Probably not many. They will have formed slowly at plate boundaries such as the mid-Atlantic ridge, then moved apart over millions of years, then very, very, slow erosion.
> I remember being disappointed to find that the Mariana Trench didn’t have looming near-vertical canyon walls, but rather had a relatively tame slope.
It has always boggled my mind that military subs run around under the water largely blind, due to the fact that using active sonar would give their position away, and passives are going to miss many things like this.
“From the ocean surface to depths of about 500 meters CO2 would exist as a gas and would tend to rise in the water column, since it is less dense than seawater. Between 500 meters and 2,700 meters CO2 would exist as a liquid, but one that is still lighter than seawater and would thus also rise in the water column. At depths up to 2,700 meters CO2 will create a rising plume and dissolve into the surrounding seawater relatively quickly.
At depths deeper than 3,000 meters the weight of the water column compresses the liquid CO2 and it becomes denser than seawater and sinks slowly to the seafloor.” [0]
So yes, even at normal temperatures for that depth C02 would be a gas; definitely so at volcanic temperatures!
The San Francisco struck it at 160m depth, I am also curious to this question. 1km, sure I doubt we see bubbles - but 160m is not as deep (and the bubbles would get bigger in volume as they rise). Great question, does anyone know?
That is quite many, if you start to think spacing them, 19000km if they were 1km apart on average... Then again, there is lot more fault line distance on Earth.

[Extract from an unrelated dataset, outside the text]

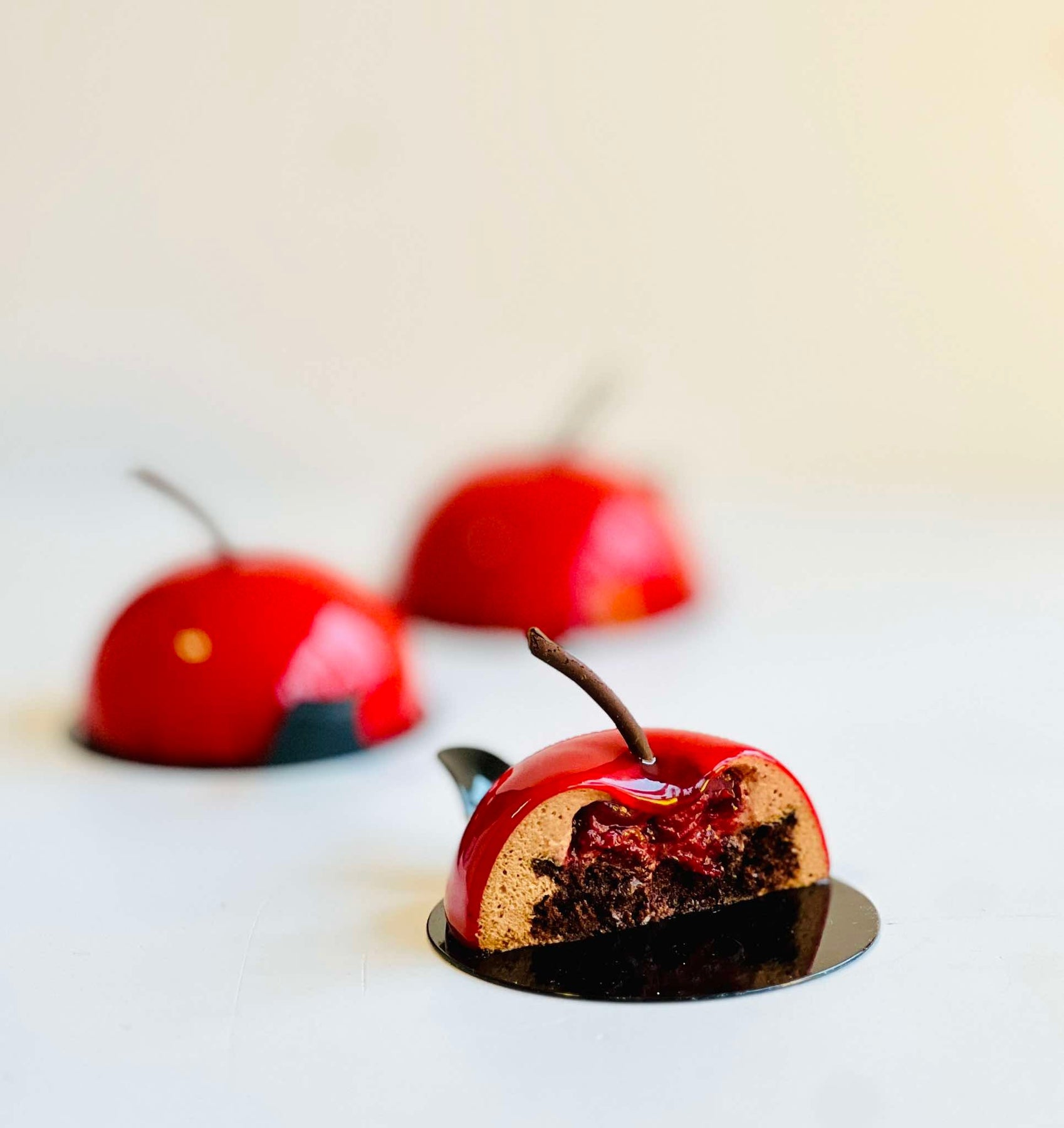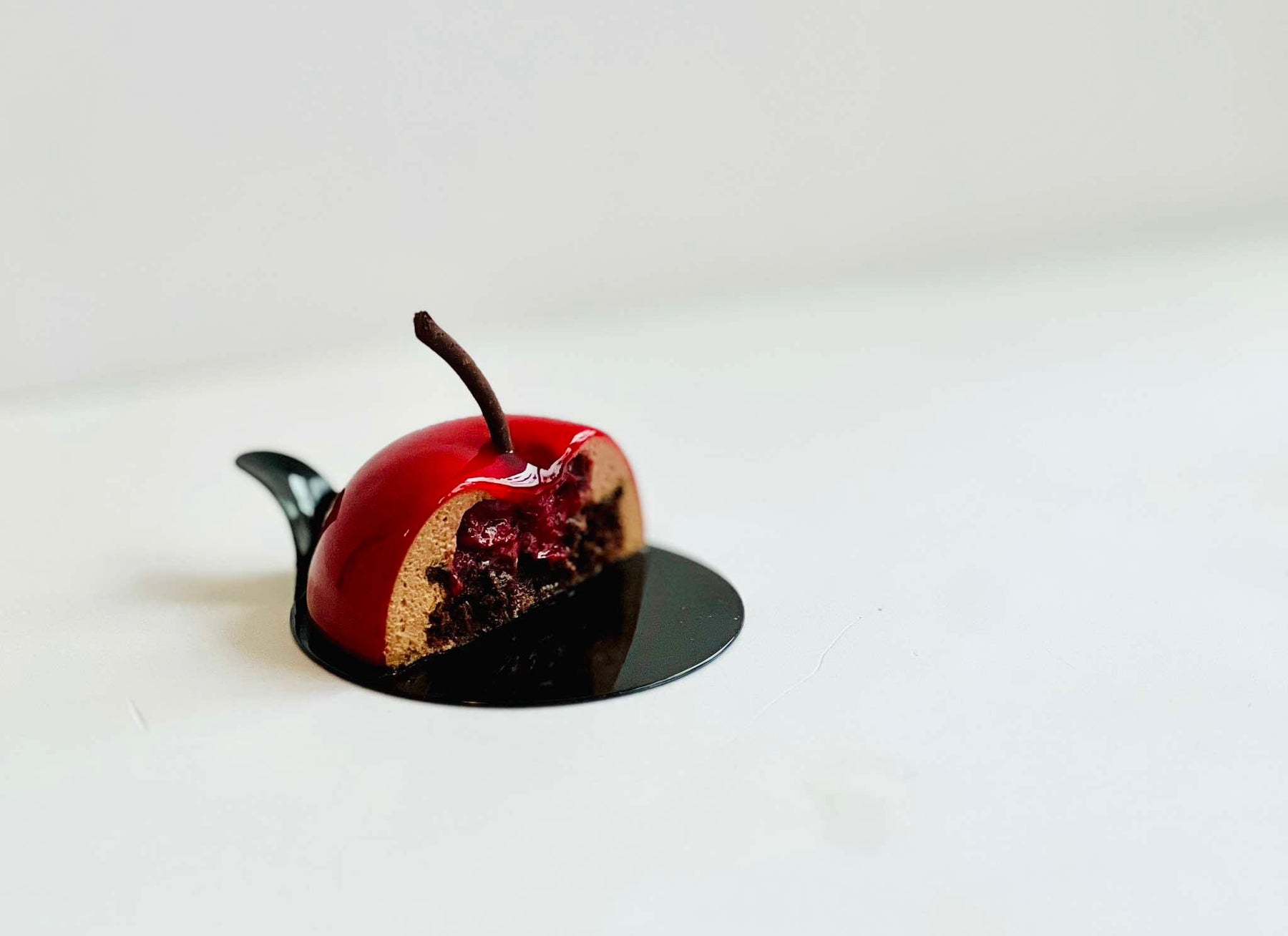 Täiuslik dessert, mis ühendab endas rikkaliku šokolaadi ja hapuka kirsi – elegantselt läikiva peegliga minikook, mis näeb välja kui kunstiteos!

Land moves around, raises and lowers, plates crash lifting mountains and subduct continents under each other so stuff moves, but stuff goes up and down at the same time. Sometimes the land sinks, sometimes it's pushed up, but these geological processes happen on geological time. Sea level rise is a concern within a few human generations.
These are just much different time and volume scales.
Yes? That is exactly the commenters concern. Fill a bowl to the brim with water, throw a ball in. It spills over the edges of the bowl by "just displacing" the water.
Probably not. I would think that similar to above water formation, there is also at least three ways mountains happen. Volcanic, folding(two plates collide) and Block.
How in the world does a submarine going at < 40 mph not detect that it's running into a mountain? Why are light, radar, and sonar still not enough to detect obstacles that big?